═══ Material for the task
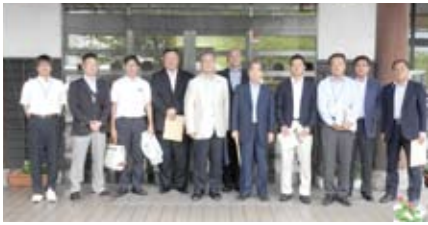
9月1日(火) 小中一貫校若桜学園視察(鳥取県)
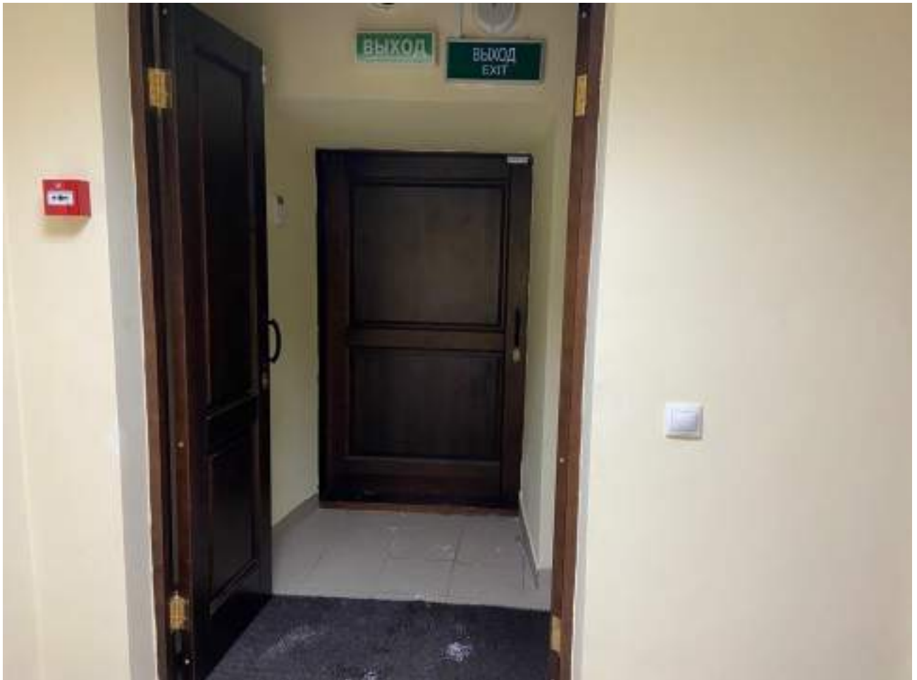
Рисунок 2.8 Тамбур
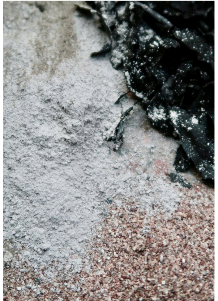
Materialene som bestemte uttrykket på glasuren til «Fjorden». Blåleire, østerskall knust til fint pulver, tang og sand

Jeg vil vekke engasjement og interesse ved å skape objekter som kobles til verden vi lever i.
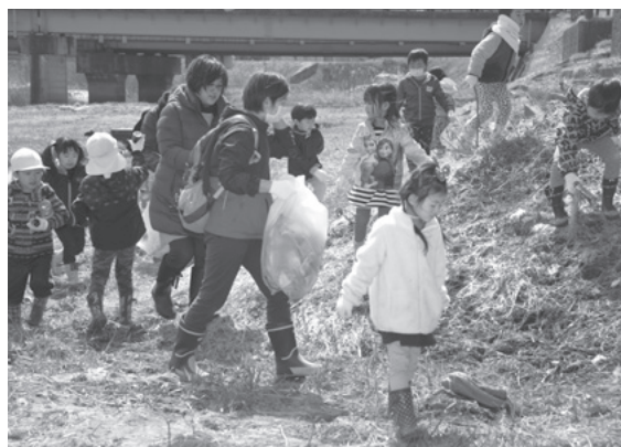
▲放流後、川原のゴミをみんなで拾いました
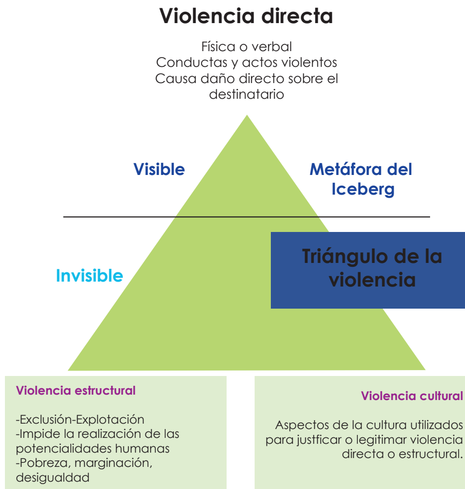
Figura 1 Dimensiones de la violencia

cultural, por su parte, se define “como cualquier aspecto de una cultura que pueda ser utilizada para legitimar la violencia en su forma directa o estructural” (Galtung, 2016, p. 147). Esta violencia hace que las otras dimensiones no sean percibidas como violentas y sean aceptadas y normalizadas en las sociedades.
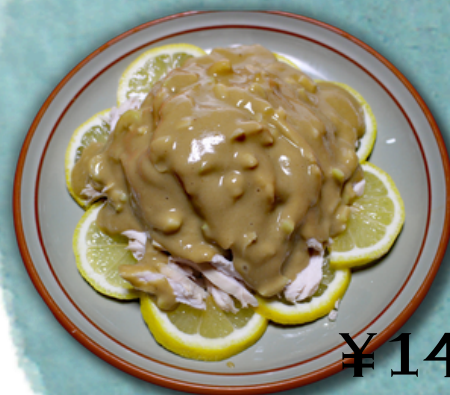
¥1400 蒸し鶏の冷菜ゴマソースかけ
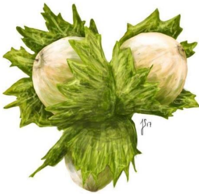
Hassel ( Corylus avellana )

Beskrivelse: Lille og nydelig med en glat, mørk og orangegul hat, der er lidt hvælvet og nedtrykt i midten. Undersiden har den fastsiddende og forgrenede lameller.
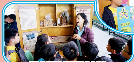
專心聆聽導賞員講解動物的習性
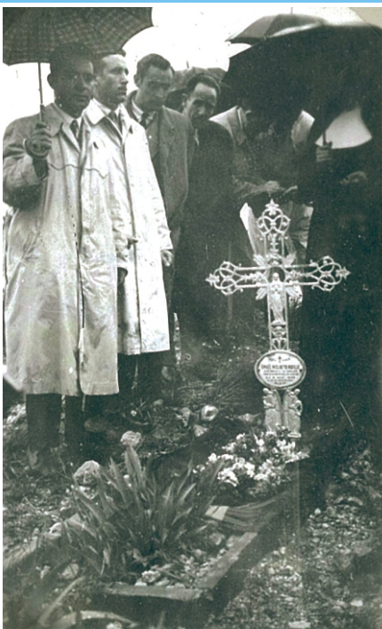
Panteón de Zaragoza
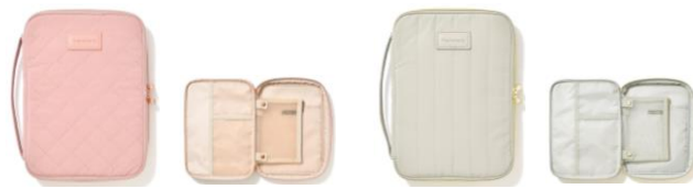
【商品名】キルティング トラベル&タブレットケース 【種類】ピンク／グレー 【価格】各 ¥2,900

広げるとブランケットとしても利用できる便利なネックピローです。ピロー時は高さがしっかりあるため首の安定感が抜群です。移動中もかわいく快適に過ごすことができます。
══════
- **Problem to solve**:
Copy every line from the records above that contains the word "violencia".

- **Exercise output**:
Figura 1 Dimensiones de la violencia
cultural, por su parte, se define “como cualquier aspecto de una cultura que pueda ser utilizada para legitimar la violencia en su forma directa o estructural” (Galtung, 2016, p. 147). Esta violencia hace que las otras dimensiones no sean percibidas como violentas y sean aceptadas y normalizadas en las sociedades.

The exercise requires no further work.